Gracie how dare you post such beautiful pictures of her or him!!! Either way uggg simply love!!! Gracie will he/she be a house bunny? I would totally have to have him/her with me 24/7 lol after everything I think I'd totally become a mother hen.


----------



## fuzzylittlewabbit

Awh! The bf and i are looking forward to more pictures of the little cutie.


----------



## ZRabbits

Thanks so much Grace for keeping us updated on Cassie. And definitely thanks for posting pics. She's so precious. And what a fighter. Hoping she continues and let us know when those sweet little eyes open. It must have warmed your heart feeling that snuggle and bunny kiss. Good for you for helping her get that to a point she could help herself. Still Cheering Cassie on!

K


----------



## Samara

You are doing such an amazing job. Such a great bunny mom! Go you!! She looks great!!


----------



## Bonnie Lee

Arghh! She or he is too cute!! I loveeeee her little feet!!! Are her siblings hopping all over the place now? I think you have done so super well!


----------



## BabyRue

I started reading this thread yesterday so scared I was going to read a sad outcome. It makes me so happy to see a healthy happy baby bun bun!! You are such a great person for giving her the fighting chance others may not have. You are an awesome bunny Momma!


----------



## melbaby80

So when is cassie going to be mine?


----------



## blondiesmommie

Aww that just made my day


----------



## LindseyG

Maybe she is just a runt and not a peanut. She is a cutie i'm glad she is doing well!


----------



## Bonnie Lee

Hey! So... I don't mean to be pushy... But..
Okay well I kind of mean to be pushy a little bit 

Are Cassie's eyes open today? Do you have any photos?
I'm SO EXCITED!!

But yeah I think Lindsey might be right, I started researching
into Peanuts and Runts after I saw how much stress you were
going through and seeing Cassie grow she doesn't look like she has anything wrong with her besides being the smallest in the litter. Either way I really want that tiny little creature


----------



## HappyFarmBunnies

Helloooooo everyone! I know it's been a couple of days since I've posted but it's been raining like hell here and the bunnies are NOT happy. So I fixed up a cage and brought the babies inside during the day now and I get to spend waaaayyyy more time cuddling and loving on Cassie!
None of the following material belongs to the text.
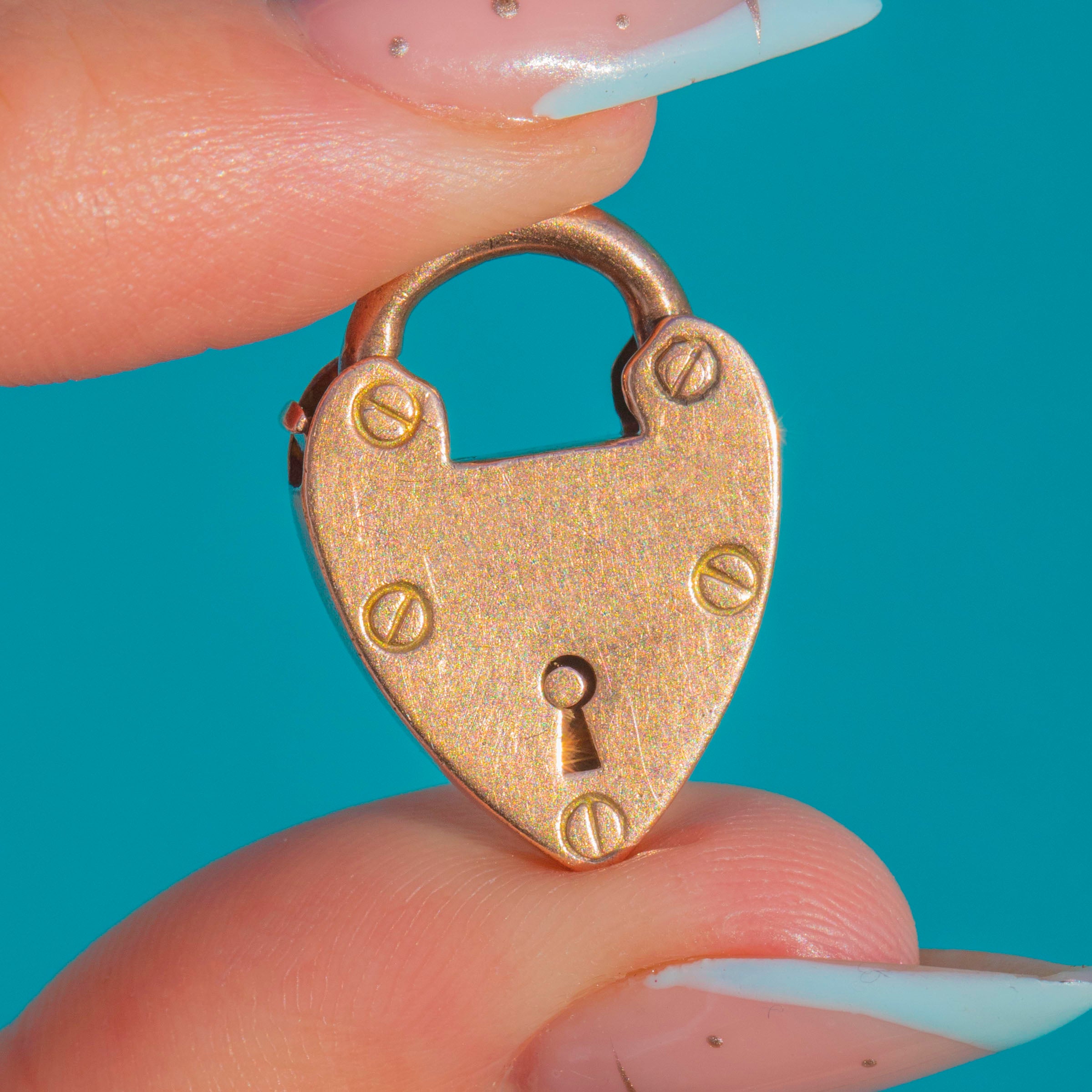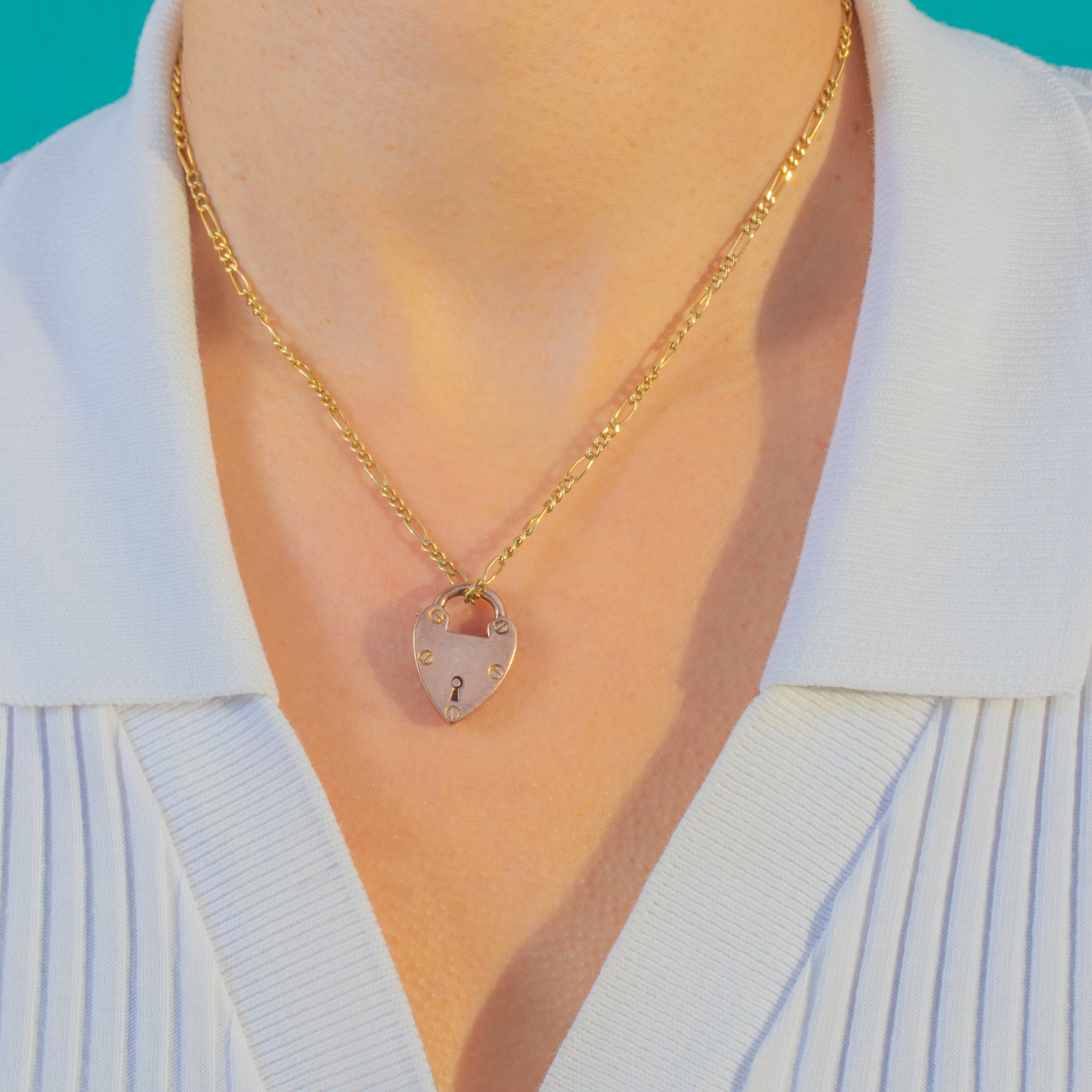 A classic Victorian love token in glowing 9ct Gold, this petite heart padlock pendant pairs romance with a subtle industrial edge. Its smooth heart face is detailed with a decorative keyhole and tiny slotted “screw” accents, all enhanced by a warm, rosy-yellow hue.

Thank you all for your sweet words and enthusiasm once again. I COULD NOT HAVE DONE THIS WITHOUT YOU!!!

Bonnie, when I was cuddling with her two nights ago I did see a flicker of eye, but it appears to me that her eyelids are quite narrow. I'm going to give it another day or two before I start to panic completely. She may just be an exotic bun! And yes, this little one is definitely going to be a house bun!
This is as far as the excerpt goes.